(Beginning of DATA PROVIDED)

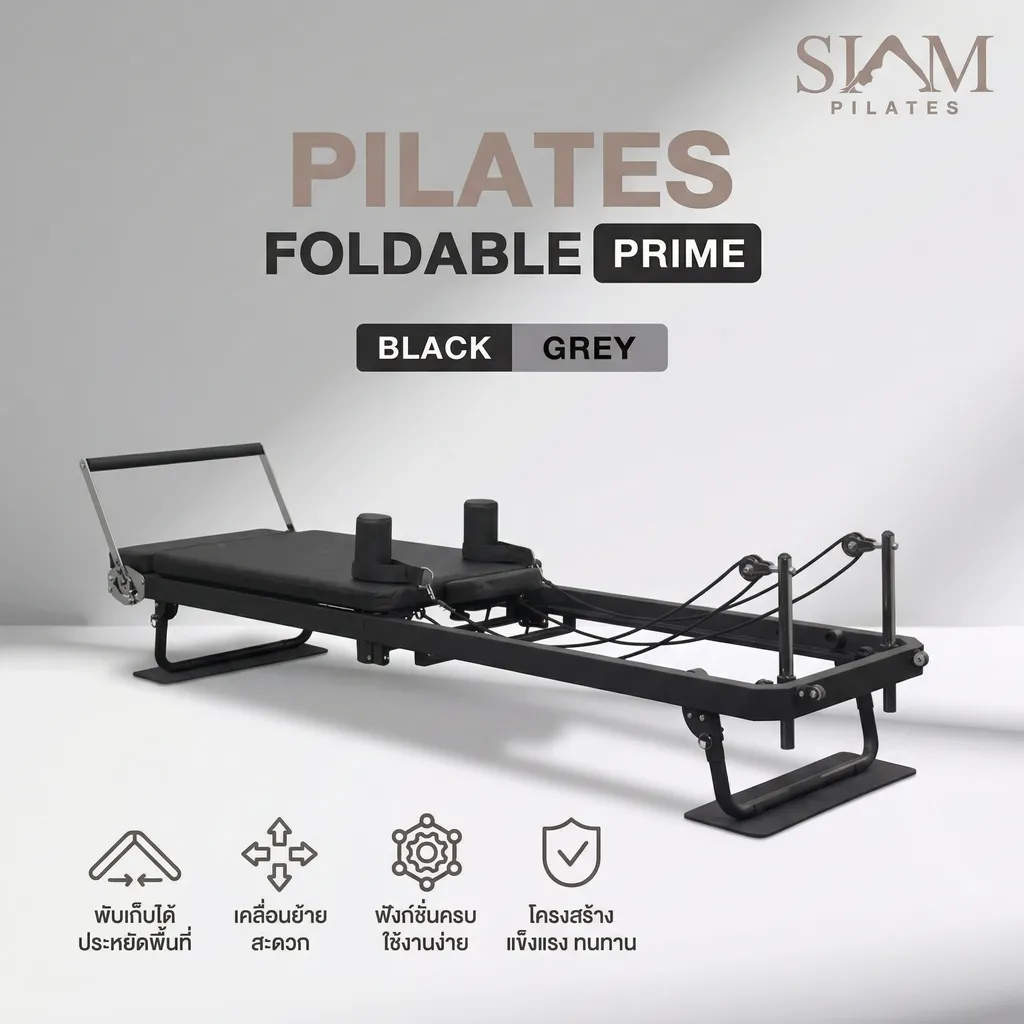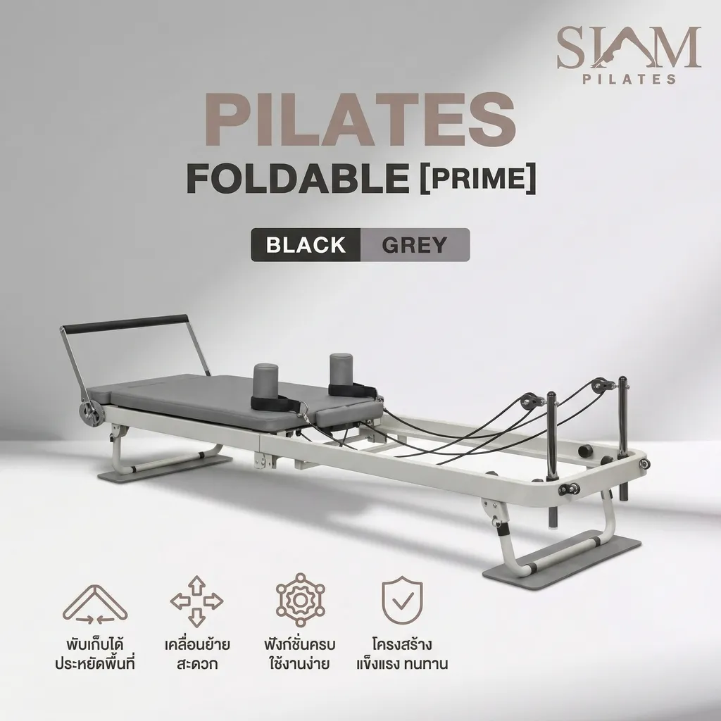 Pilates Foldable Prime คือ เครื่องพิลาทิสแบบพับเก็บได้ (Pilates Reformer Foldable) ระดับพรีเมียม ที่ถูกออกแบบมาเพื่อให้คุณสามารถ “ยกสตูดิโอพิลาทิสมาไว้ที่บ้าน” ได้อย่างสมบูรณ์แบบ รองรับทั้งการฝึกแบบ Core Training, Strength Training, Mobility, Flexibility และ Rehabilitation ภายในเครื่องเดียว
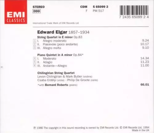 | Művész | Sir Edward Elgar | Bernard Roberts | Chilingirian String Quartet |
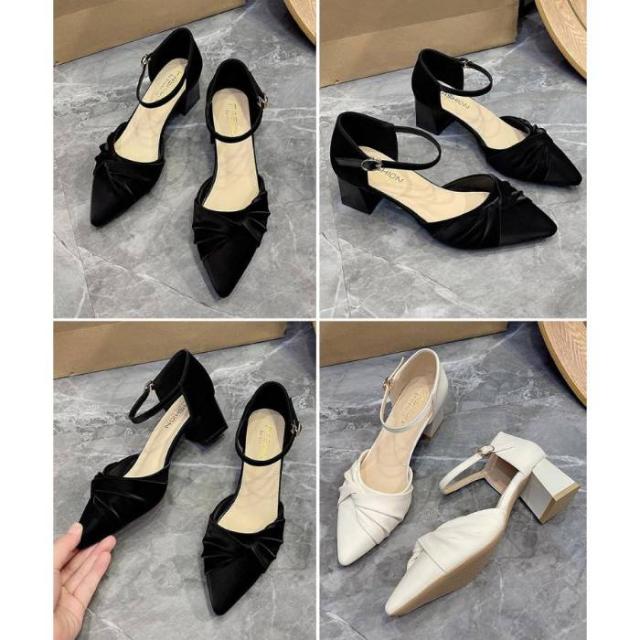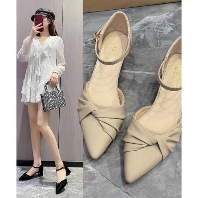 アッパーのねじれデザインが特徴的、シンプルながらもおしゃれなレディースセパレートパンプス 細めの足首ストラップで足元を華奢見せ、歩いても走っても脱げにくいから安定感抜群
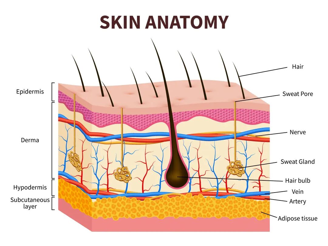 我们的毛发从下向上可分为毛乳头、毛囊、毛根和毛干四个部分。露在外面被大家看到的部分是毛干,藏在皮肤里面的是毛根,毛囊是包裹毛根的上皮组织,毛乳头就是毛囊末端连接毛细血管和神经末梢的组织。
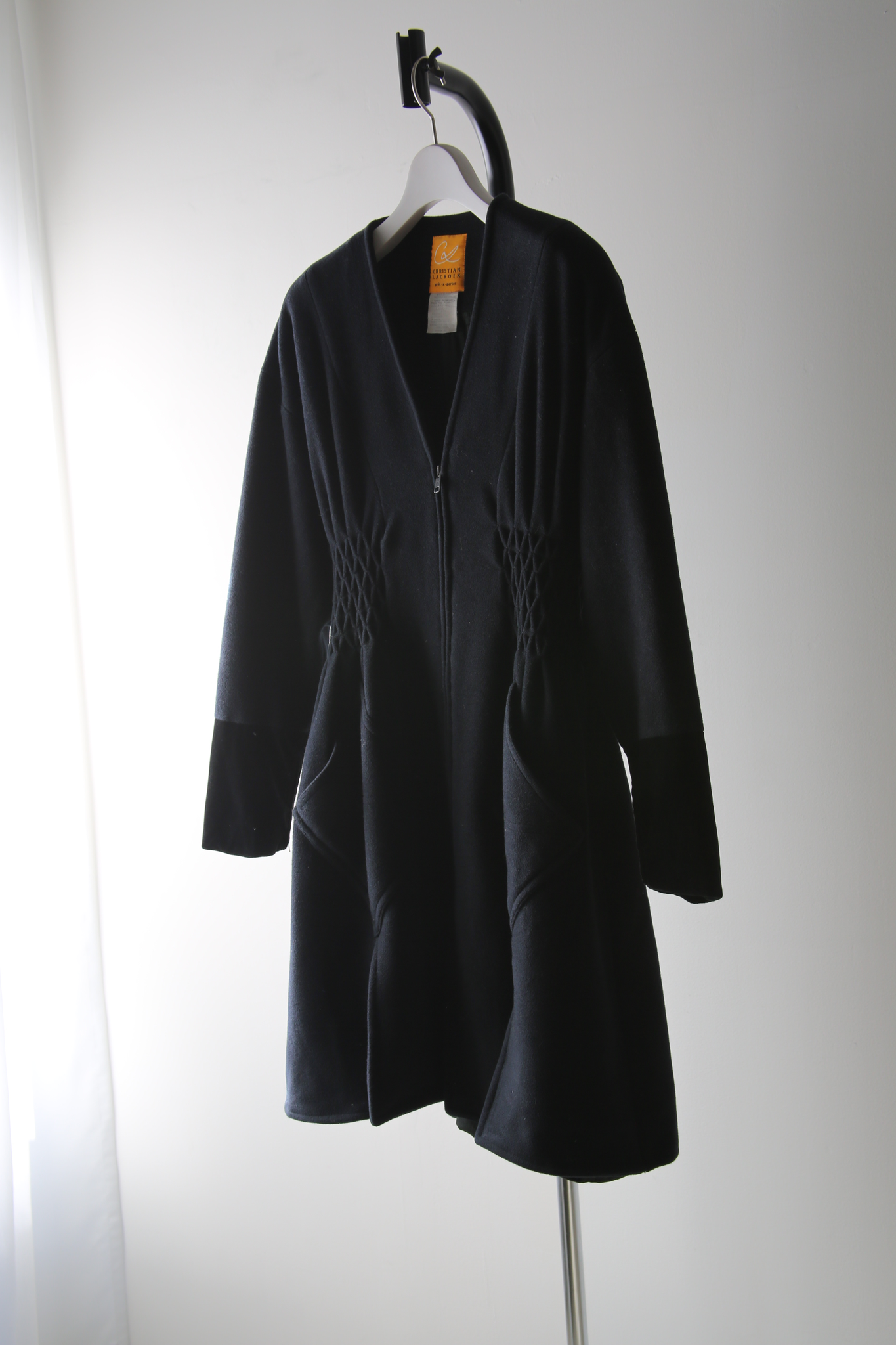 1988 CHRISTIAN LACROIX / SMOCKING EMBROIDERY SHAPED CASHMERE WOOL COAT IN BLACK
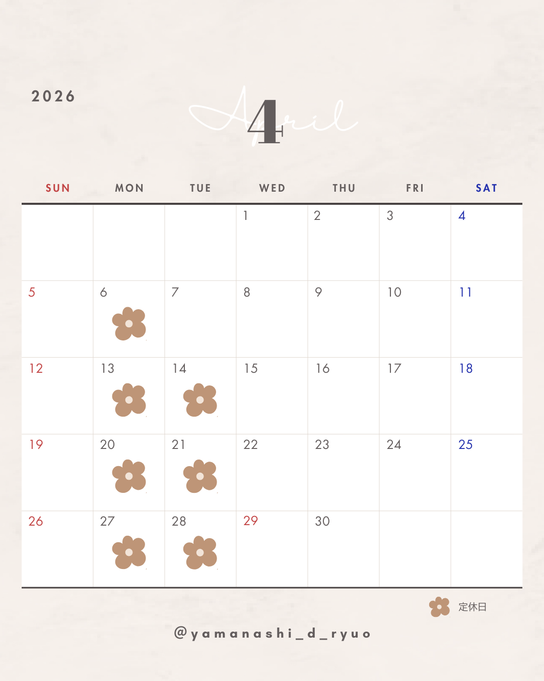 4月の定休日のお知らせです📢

(End of DATA PROVIDED)

EXERCISE PROMPT =
Pictures are to be left out when the entries above are repeated exactly.

ANSWER FOR THE TASK =
 Pilates Foldable Prime คือ เครื่องพิลาทิสแบบพับเก็บได้ (Pilates Reformer Foldable) ระดับพรีเมียม ที่ถูกออกแบบมาเพื่อให้คุณสามารถ “ยกสตูดิโอพิลาทิสมาไว้ที่บ้าน” ได้อย่างสมบูรณ์แบบ รองรับทั้งการฝึกแบบ Core Training, Strength Training, Mobility, Flexibility และ Rehabilitation ภายในเครื่องเดียว
 | Művész | Sir Edward Elgar | Bernard Roberts | Chilingirian String Quartet |
 アッパーのねじれデザインが特徴的、シンプルながらもおしゃれなレディースセパレートパンプス 細めの足首ストラップで足元を華奢見せ、歩いても走っても脱げにくいから安定感抜群
 我们的毛发从下向上可分为毛乳头、毛囊、毛根和毛干四个部分。露在外面被大家看到的部分是毛干,藏在皮肤里面的是毛根,毛囊是包裹毛根的上皮组织,毛乳头就是毛囊末端连接毛细血管和神经末梢的组织。
 1988 CHRISTIAN LACROIX / SMOCKING EMBROIDERY SHAPED CASHMERE WOOL COAT IN BLACK
 4月の定休日のお知らせです📢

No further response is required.